On June 12, 2014, Washington joined a growing number of states which now allow residents to transfer title to real estate by means of a “transfer on death” deed. This deed allows the owner of a piece of real estate to execute and record a deed which will transfer title to the named beneficiary upon the owner’s death without having to transfer title after the owner’s death as part of a probate of the owner’s estate, much in the same way an owner of a bank account or brokerage account can execute a document naming a person or persons to be a beneficiary of the account so that title passes to the designated beneficiary upon death, making it unnecessary to probate such an account.
Like any such change in the law, this presents a number of new opportunities, and new potential pitfalls for the unaware and those who are unsophisticated about estate planning. Nevertheless, for those with truly modest estates that do not meet Washington State or Federal Estate Tax thresholds, the new law is a tool that could help such property owners avoid a probate if they so desired, and I suspect that careful and considered use of these deeds might indeed reduce the number of probates that we as practitioners currently conduct essentially only for the purpose of transferring the title to the real estate of the deceased. These deeds could also provide an additional means to make gifts from an estate as part of an integrated estate plan, but I cannot caution an owner of real estate enough about the need to consult with an attorney before making such a transfer, because doing so would reduce the number of assets available to pay estate taxes, which could become especially problematic in large taxable estates where other resources may also be turned into non-probate assets by means of payable on death beneficiary designations.

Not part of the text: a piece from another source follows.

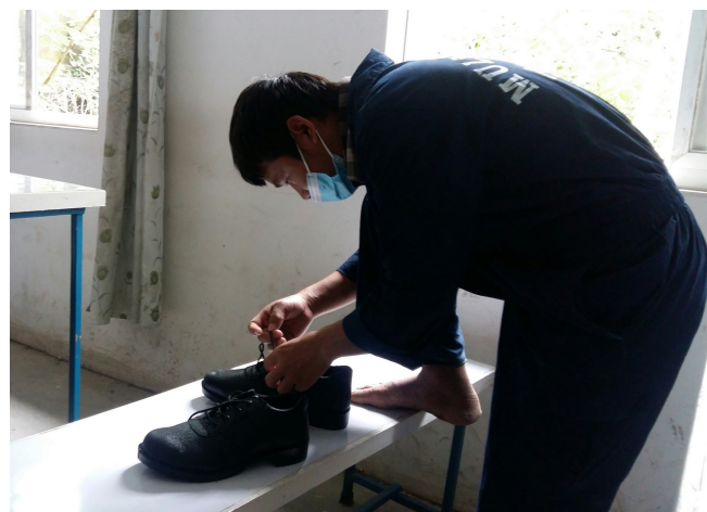
Trainee puts his new safety shoes on.

Similarly, training for multi-skill house wiring is held at Naya Thimi, Bhaktapur. The purpose of providing safety shoes is these pair of shoes are perfect when working in high risk and hazard prone places of work.

Using these deeds without proper planning and understanding of consequences may also create unintended consequences for those who are married or who are registered domestic partners due to the operation of community property law. However, this may permit people to make gifts while they are alive, without triggering the need to file an informational federal gift tax return.
Another issue is the fact that there are potential situations that could involve this law in which the outcome is not necessarily clear. One commenter has already observed that there is apparently no limitation on time in which DSHS could place a lien against the deeded property for services rendered to the deceased, and in the absence of a clear limitation on the time in which to do so in the statute, it would appear that DSHS will then have up to twenty-four months from the date of death to place a lien, which would lead the careful lawyer to advise the owner wishing to use this method of transfer that the beneficiary should not consider the gift to be “free and clear” until this two year window had passed.
I am excited that we have another option available in our estate planning tool kit. I also see the potential for people to really screw up their estates if they don’t get help in reviewing the plan beforehand. It will also change how we do probates, as we will have to clearly understand whether or not the real estate is a non-probate asset, or an asset of the estate.